When Rolls-Royce wasn’t a BMW Group company, in the pre-2000 era, it had a Silver Shadow model in the line-up. Silver Shadow debuted the first Rolls-Royce with monocoque construction and it’s quite possible that ‘Silent Shadow’ would be applied on a car as revolutionary, perhaps the first all-electric Rolls-Royce that has been confirmed by the company.

Has Rolls-Royce confirmed a production electric car?

Speaking to europe.autonews.com last year, Torsten Muller-Otvos, the company’s CEO, provided new hope of spotting a Rolls Royce electric car on the roads in the not-too-distant future.

Demand & charging infrastructure

The first emissions-free Rolls-Royce will break cover later this decade. According to a company spokesman who connected with Automotive News Europe last year, customers appreciate electric power, but they are not asking for a battery-powered car yet.

The Rolls-Royce spokesman did suggest that while customers aren’t looking for a Rolls Royce electric car, they may be forced to at some point. Initially, legislation, not customer demand, would create the necessary conditions for a Rolls-Royce EV. If there’s a ban on ICE cars in one of the hotspots for Rolls-Royce customers, then they’d call for an electric version, and the company will need to be ready with one.

Lifting a charging cable out of a car’s trunk is not something Rolls-Royce would want to put its super-rich clients through. However, wireless EV charging technology could mature, and a network could become accessible by the time the company launches an EV. Luxury life would continue without an electrical cord or a charging gun.

Would the new Ghost, not Silent Shadow, be the first Rolls Royce electric car?

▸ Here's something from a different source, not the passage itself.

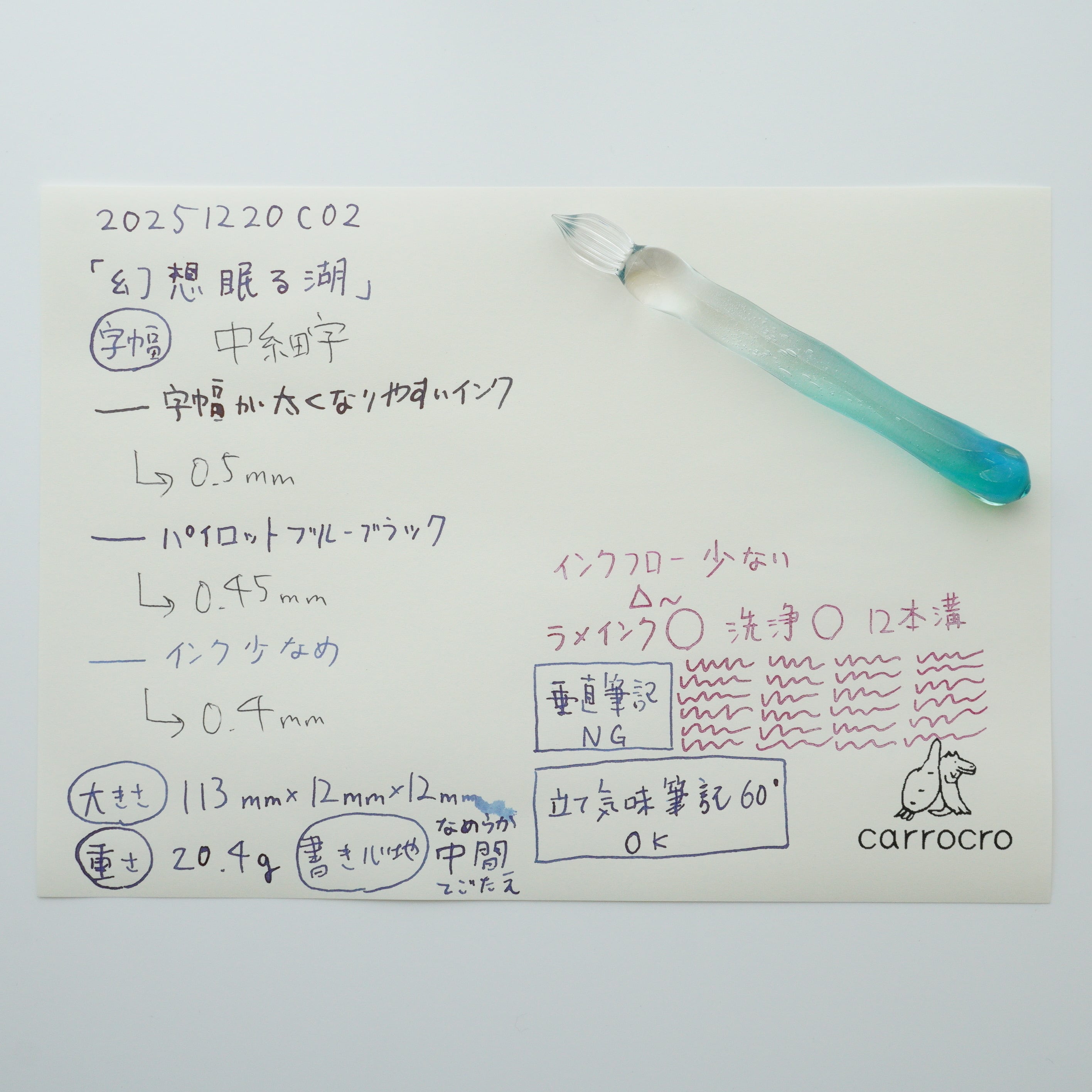 ガラスペンの大きさ、重さ、字幅、試し書き、書き心地などの個体情報を最後の写真に記載しています。書き心地は作家の感想で目安です。試し書きにあるラメインクは「ギター スパークルインキ ベリーパープル」です。

2021 Rolls-Royce Ghost rear
Rolls-Royce unveiled the second-gen Ghost last year, and it was expected that an all-electric Ghost based the new model would roll out in the coming years. Image: BMW Group

In an open letter published in July, Muller-Otvos had confirmed that like the first-gen car, the all-new Ghost would have a lifespan of a decade. That makes the new model a candidate for becoming the first Rolls Royce electric car.

The desire for a more understated Rolls-Royce Ghost means a quieter powertrain operation, and what better a step than a fully-electrified powertrain could address that?

The 2021 Rolls-Royce Ghost, available in standard and Extended (long-wheelbase) versions, employs a petrol engine with no electrification. It’s a 6.75-litre twin-turbo V12 mill generating 571 PS of power and 850 Nm of torque. Rolls-Royce does not plan to offer a Ghost plug-in hybrid EV.

Muller-Otvos has said previously said that Rolls-Royce is focusing on 100% electric vehicles. At the 2019 Pebble Beach Concours D’elegance (August 2019), where he had confirmed that a Rolls-Royce EV is in the works, he stated that a Ghost EV is possible, a Ghost PHEV is not. The Mk2 Ghost shares the Architecture of Luxury platform with the Mk2 Phantom and the first-ever Cullinan, and this platform is BEV-ready.

2021 Rolls-Royce Ghost interior dashboard
Rolls-Royce CEO Torsten Müller-Ötvös has confirmed that the brand would become a pure-electric car company in the long term. That work is underway to transition from combustion engine to electric drive smoothly. Image: BMW Group

‘Silent Shadow’ not the first ever Electric Rolls

Going fully electric wouldn’t be a radical shift in thinking for the British luxury brand. In 2011, Rolls-Royce made a one-off Phantom Experimental Electric, a.k.a. 102 EX, to get the opinion and reaction of shareholders, clients and the public. Replacing the 6.75-litre V12 petrol engine was a 71 kWh lithium-ion battery pack and two electric motors, each rated 145 kW for a total power output of 290 kW and peak torque of 800 Nm.

The Phantom EE had a range of 200 km in a single charge and can be charged to full capacity in eight hours through three-phase charging. It can drive from 0 to 100 km/h in under eight seconds and has a top speed of 160 km/h. Of course, the version that eventually goes on sale would have far superior attributes with advanced battery technology and power electronics.